PURPOSE:To stably control a motor against variations in the temperature or a power source voltage by providing converting means for forming a reference level in the rotating speed control from the output of a reference oscillator. CONSTITUTION:The output of a reference oscillator 7 is supplied to a frequency divider 8, and used for a lock of an image sensor drive circuit 11. The divider 8 divides the frequency of an oscillator 7 so as to become the same frequency as an FG signal when a motor becomes a designated rotating speed. This output is input to a frequency/voltage converter 9. A differential amplifier 5 amplifies the difference between the signal obtained through a frequency/voltage converter 4 from the output of a rotating frequency generator 3 and the output of the converter 9, and supplies it to a motor drive circuit 6. The circuit 6 drives a motor 17 to control the rotating speed so that the output of the amplifier 5 becomes zero.

Description

DETAILED DESCRIPTION OF THE INVENTION (Technical Field) The present invention relates to a motor control device, and particularly to a motor control device with excellent temperature characteristics.

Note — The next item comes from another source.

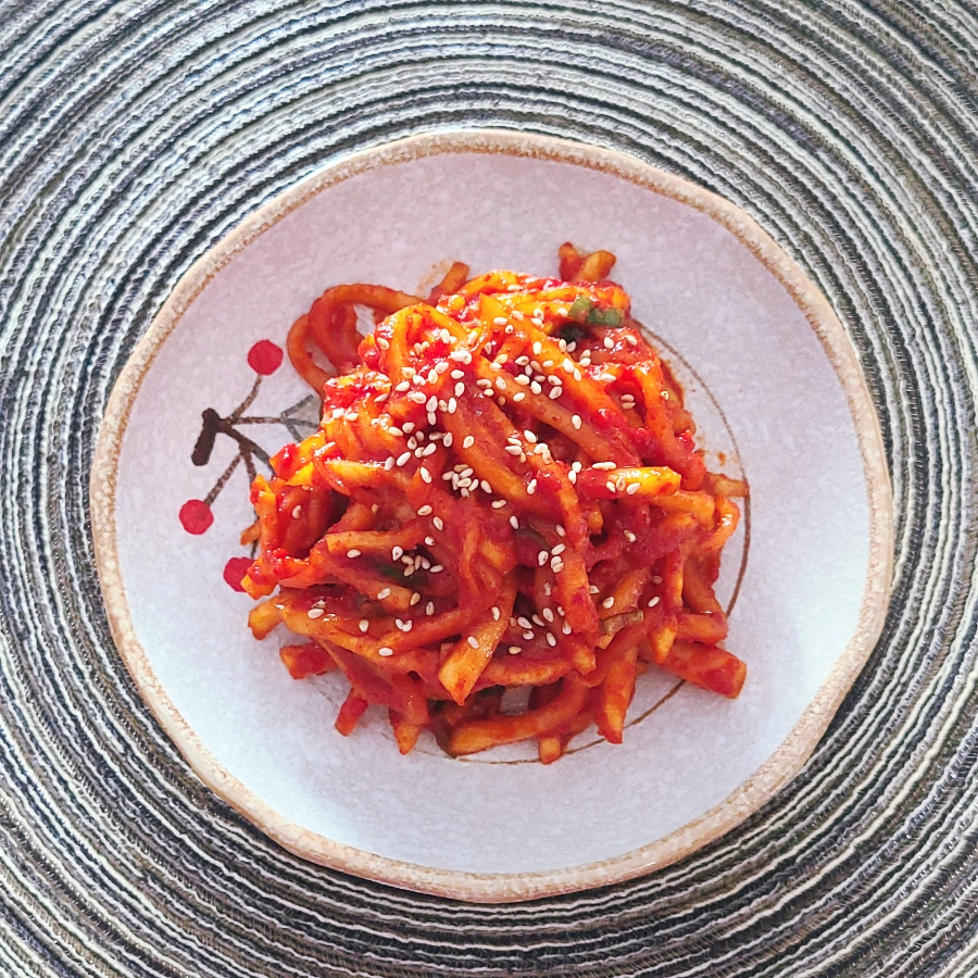 완성된 무생채는 적당량 덜어서 예쁜 접시에 담아냅니다. 여기에 통깨를 뿌리거나 쪽파로 장식하면 비주얼도 훨씬 돋보입니다! 밥과 함께 비벼 먹거나 고기 요리와 곁들여 내면 그 조화가 정말 환상적입니다.

(Prior art) In a conventional motor control circuit, an FG flaw signal is formed according to the rotational speed of the motor, and this FG (No. 8 is
It is considered that the voltage level is converted to a voltage level using a voltage converter, this level is compared with a reference potential, and the rotational speed of the motor is controlled according to the difference. However, in this case, fluctuations in power supply voltage and temperature are considered. There is a drawback that the above-mentioned difference signal changes widely depending on the amount of time.

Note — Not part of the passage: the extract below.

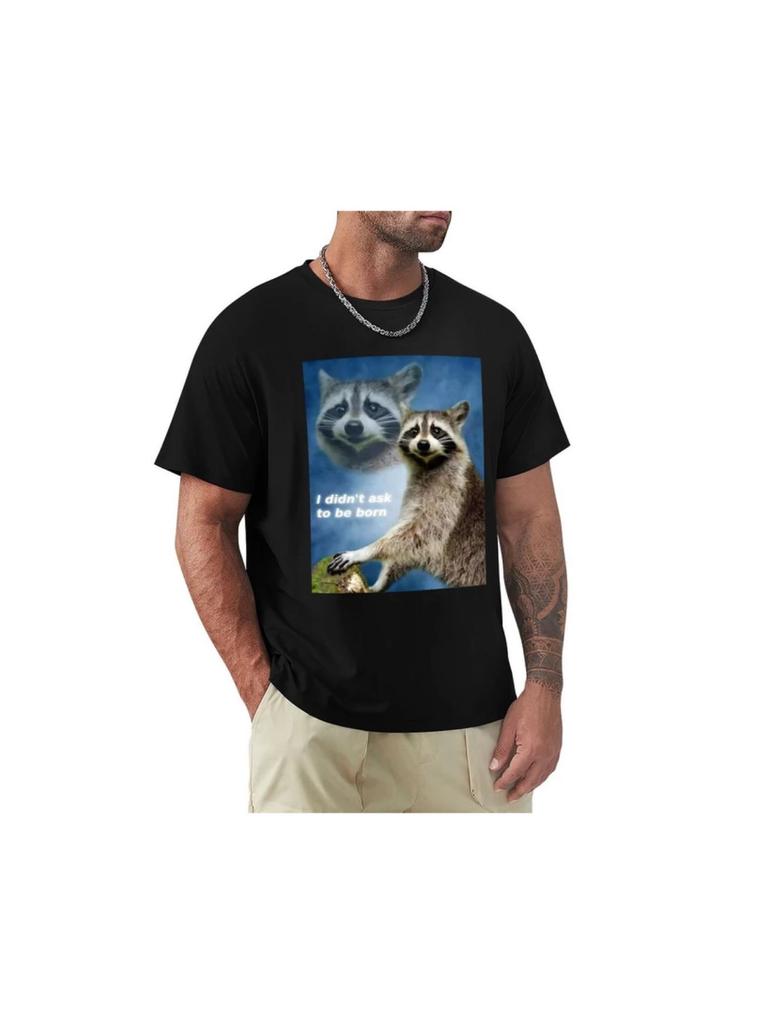 I Didnt Ask to Be Born Raccoon Meme T-Shirt Vintage Clothes Short Sleeve Tee Quick Drying shirt Short Sleeve Tee Men 77899

(Objective) It is an object of the present invention to provide a motor control device that can eliminate the above-mentioned drawbacks of the prior art.

Another purpose is to provide a motor control device that is stable against temperature changes and fluctuations in power supply voltage.

(Example) The present invention will be described in detail below based on the drawings. FIG. 1 is a diagram showing an embodiment of the present invention. Reference numeral 1 denotes a detector that outputs one pulse per rotation, and for example, as shown in the figure, a magnet 18 is embedded in a part of a recording disk 16, and a detector with a coil wound around an iron core is configured to detect this. has been done. The output from the detector 1 is waveform-shaped by a pulse generator 2 which generates one pulse per rotation, and is delayed for a necessary time and output as a PG pulse to the output line a. Note that this PG pulse is output only when the output signal of the specified rotation detector 10 is at a high level. Reference numeral 6 denotes a frequency generator attached to the motor 17, which outputs a frequency corresponding to the number of rotations to the line of the FG flaw signal b. This FG (
The signal No.

Here, the generator 6 and the converter 4 constitute a detection means. 7 is a reference oscillator, the output of which is supplied to the divider 8 and used as a clock for the image sensor driving circuit 11 to generate various synchronization signals and control signals. 8
The branch is the FG when the motor reaches the specified rotation speed.
The frequency of the oscillator 7 is divided so that the flaw signal has the same frequency. Reference numeral 9 denotes a frequency-voltage converter as a conversion means for frequency-voltage conversion of the output of 8.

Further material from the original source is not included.